Di fronte a questa evidenza, che riguarda direttamente la gestione del governo Meloni-Giorgetti, il capogruppo Bignami ha avuto il coraggio di chiedere conto a Conte e al Movimento 5 Stelle. La risposta non può che essere una: si tratta di manifesta incapacità.
L’attuale maggioranza non si limita a utilizzare il Superbonus come capro espiatorio per mascherare il proprio fallimento economico che ha investito il Paese. Ora tenta persino di scaricare sul governo Conte le responsabilità relative all’esplosione delle frodi.
La realtà dei fatti racconta una storia ben diversa. Il Superbonus è stato sfruttato dalla maggioranza per fini di campagna elettorale e per interessi personali, come la ristrutturazione di appartamenti privati. Successivamente hanno completamente riscritto la normativa.
I numeri parlano chiaro: l’attuale governo ha gestito la misura per tre anni e sette mesi su un totale di sei anni. Il governo Conte, invece, ha avuto a disposizione soltanto nove mesi.

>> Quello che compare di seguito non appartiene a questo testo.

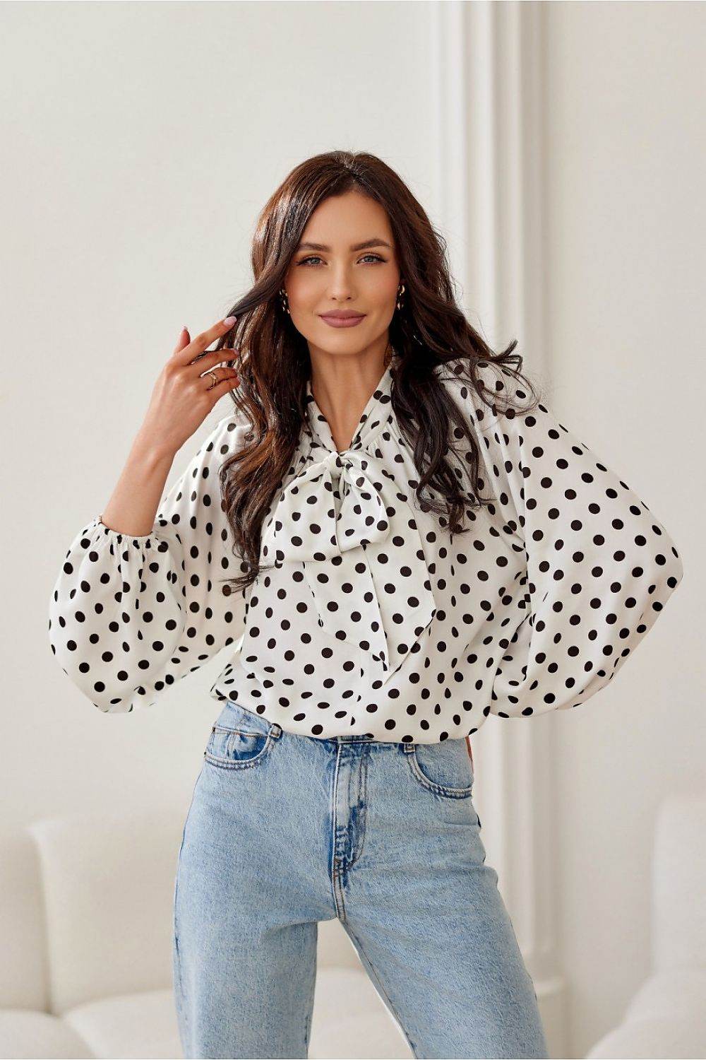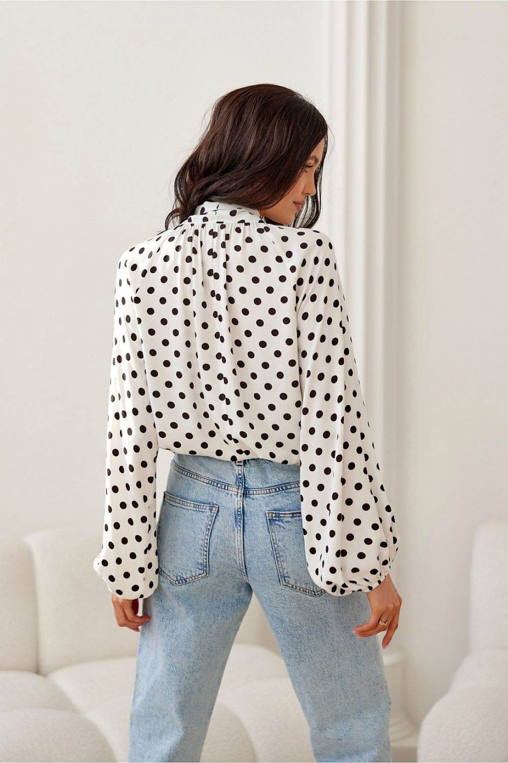 This cropped blouse features a collar and lapel neckline, complemented by long, voluminous sleeves and a waist tie for a... Read more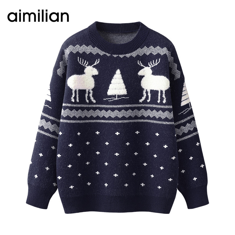 艾米恋 Свитер, демисезонные трикотажные джинсы с начесом с круглым воротником, коллекция 2023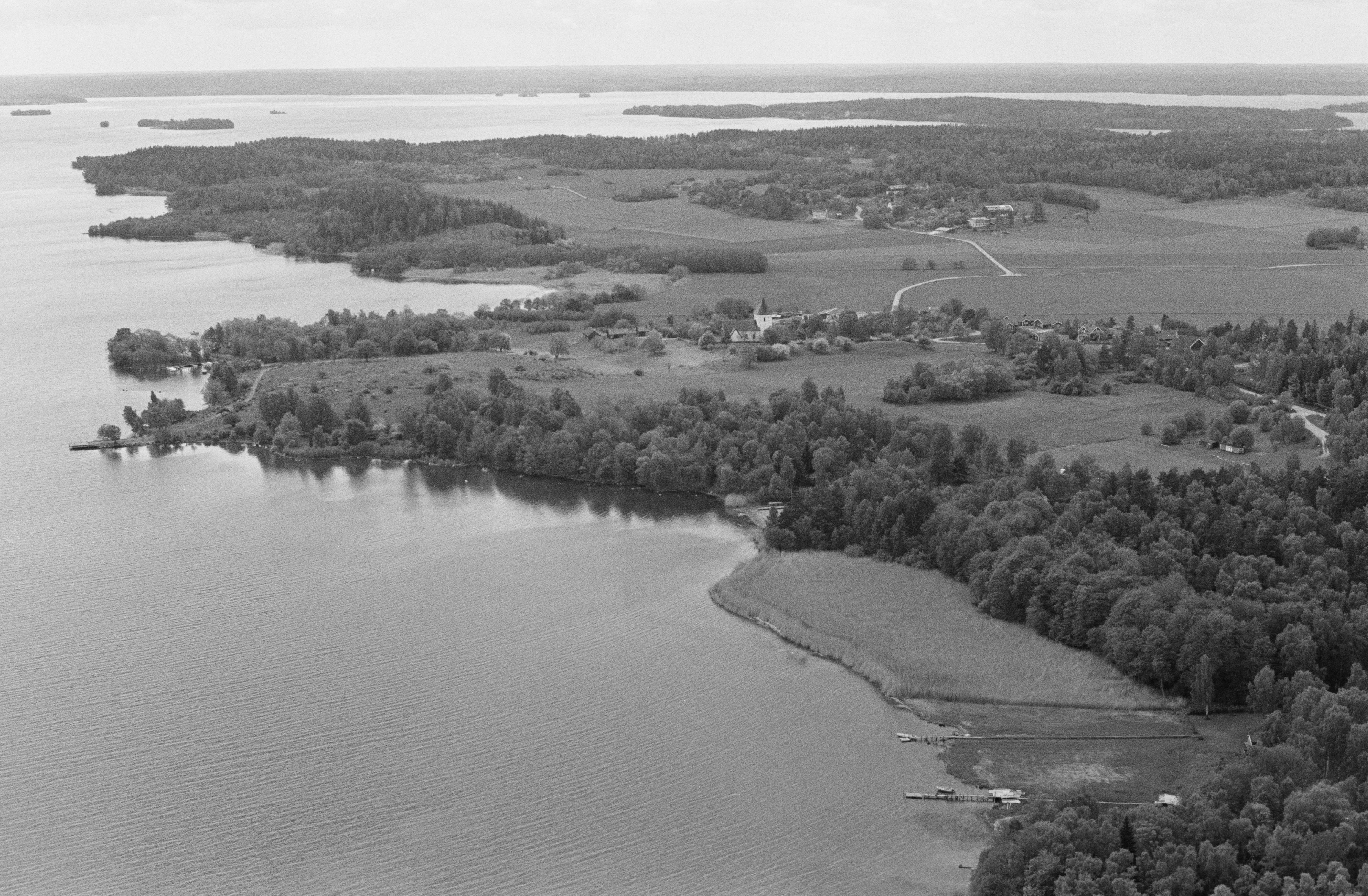 Beskrivning: Fornlämningsområdet Hovgården RAÄnr Adelsö 46:2 på Adelsön vid Hovgårdsfjärden i Mälaren. Alsnö hus RAÄnr Adelsö 47:1, Adelsö kyrka, Kungshögarna Adelsö 48:1-6 m.fl. Bilden är tagen mot (väderstreck): SSV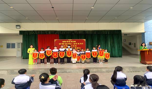 Sau phần giới thiệu cô hiệu trưởng mới, cô Tổng phụ trách nhận xét các hoạt động nề nếp trong tuần 24, nhắc nhở học sinh có ý thức hơn không đùa nghịch chạy nhảy trong giờ ra chơi, vệ sinh lớp học sạch sẽ hơn, không ăn quà vặt. Cô TPT khen những bạn nhặt được tiền biết trả lại người mất, tuyên dương các lớp có thành tích xuất sắc trong tuần vừa qua. Đại diện BGH, cô hiệu trưởng Lê Thị Chung đã lên trao cờ thi đua cho các lớp có thành tích xuất sắc trong tuần 24.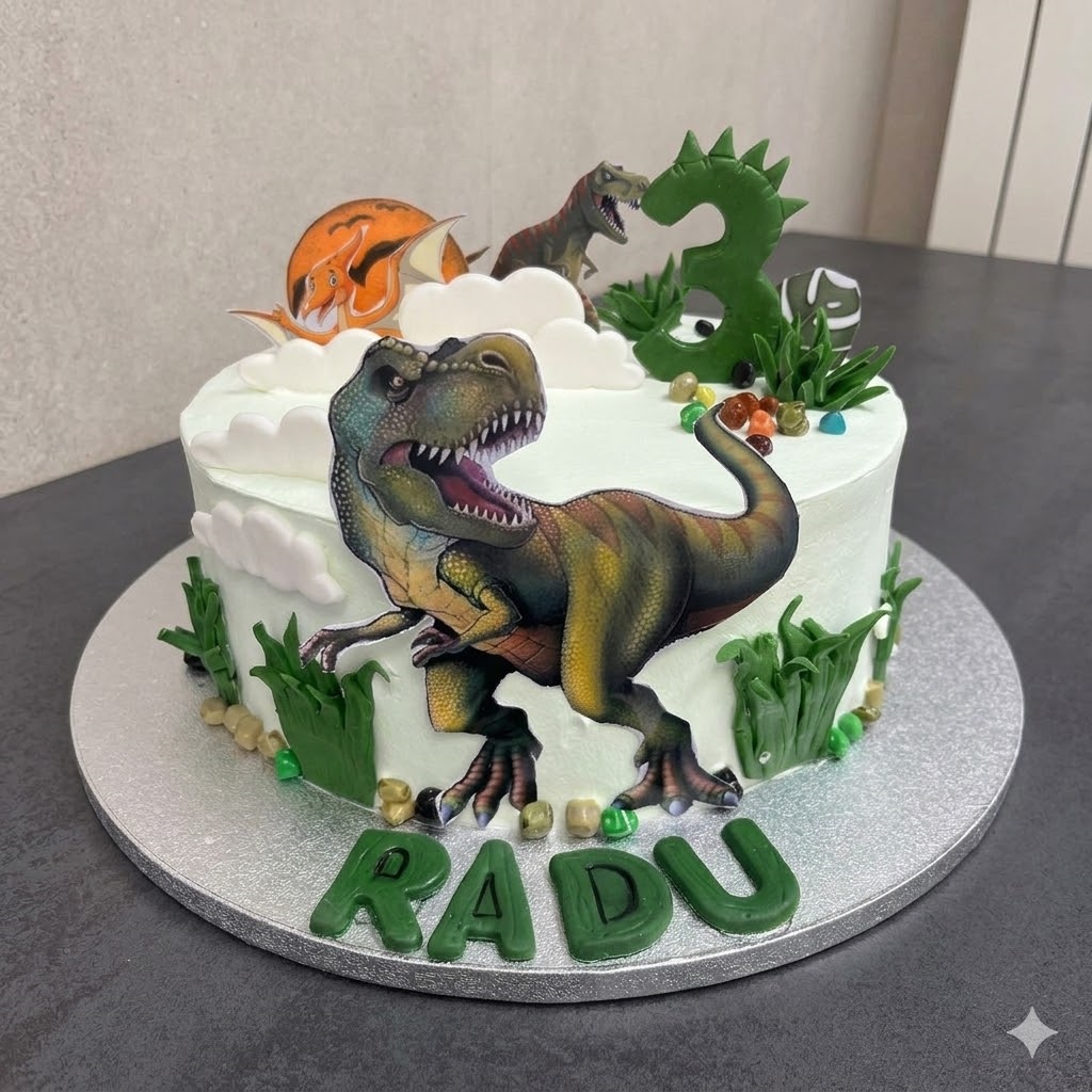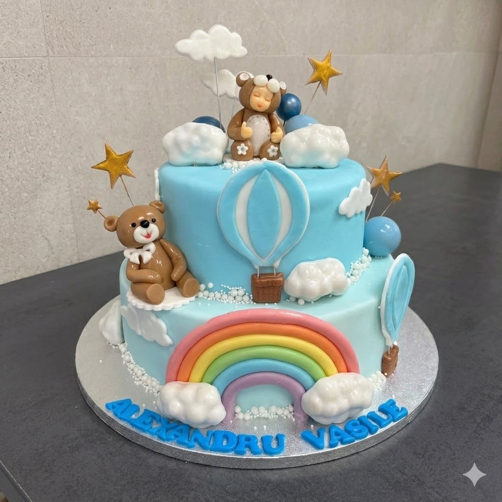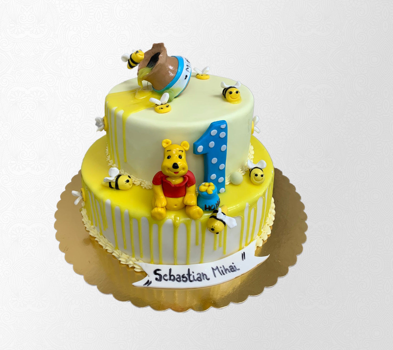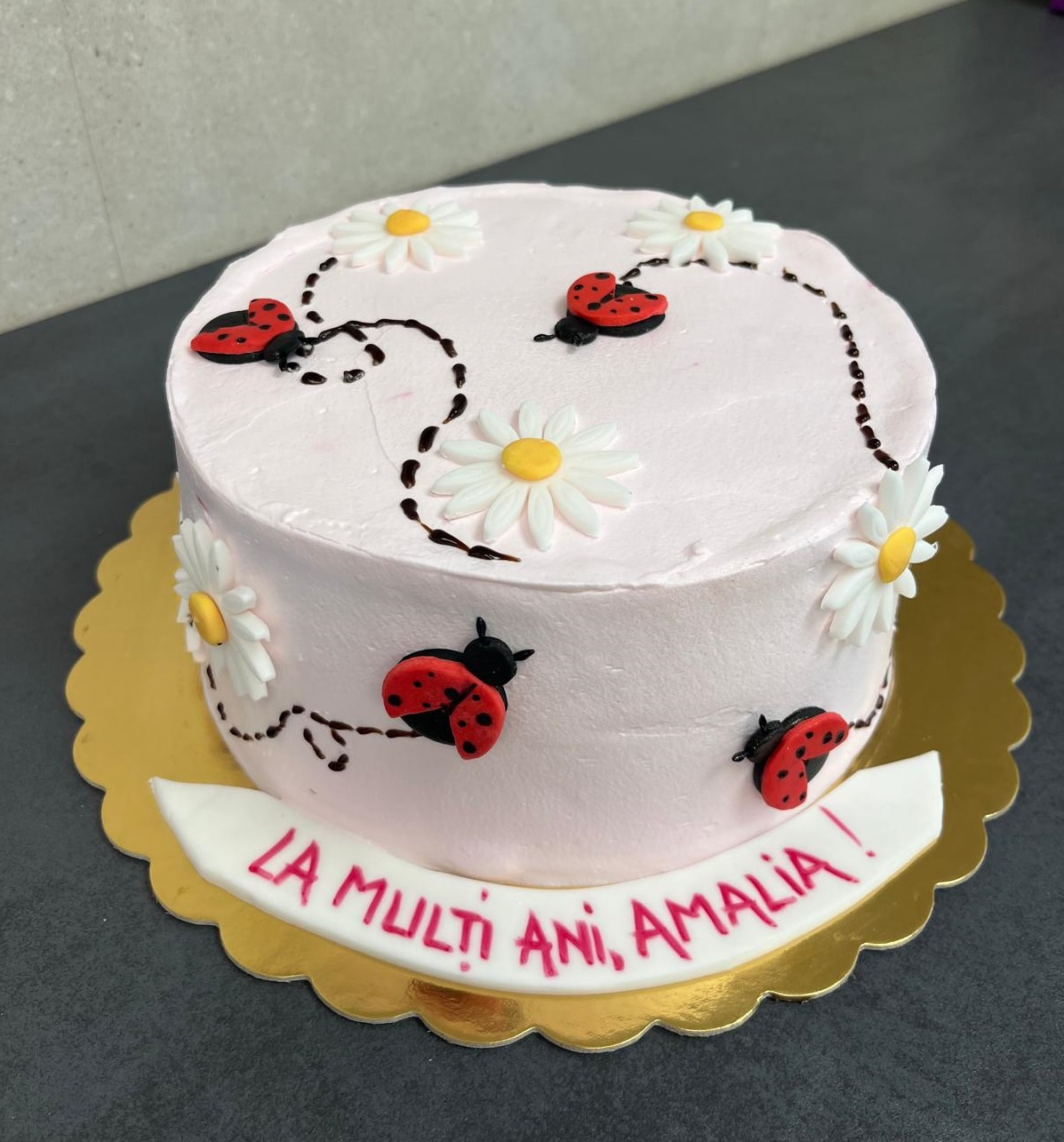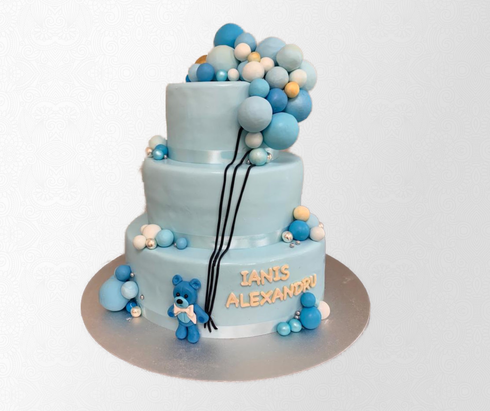 imbracat in crema de unt; decorul contine si elemente necomestibile; se adauga pretul topper-ului, al figurinei din icing si al imaginii necomestibile

Ora che il boom delle truffe, attestato al 33%, certifica inequivocabilmente il fallimento della loro gestione, provano a infangare gli altri. Ma la verità è incontrovertibile: questa percentuale record è la diretta conseguenza del blocco della cessione del credito d’imposta e dello sconto in fattura, decisioni assunte dall’esecutivo Meloni.
Si tratta di un comportamento privo di vergogna e di dignità, afferma il deputato del Movimento 5 Stelle Agostino Santillo.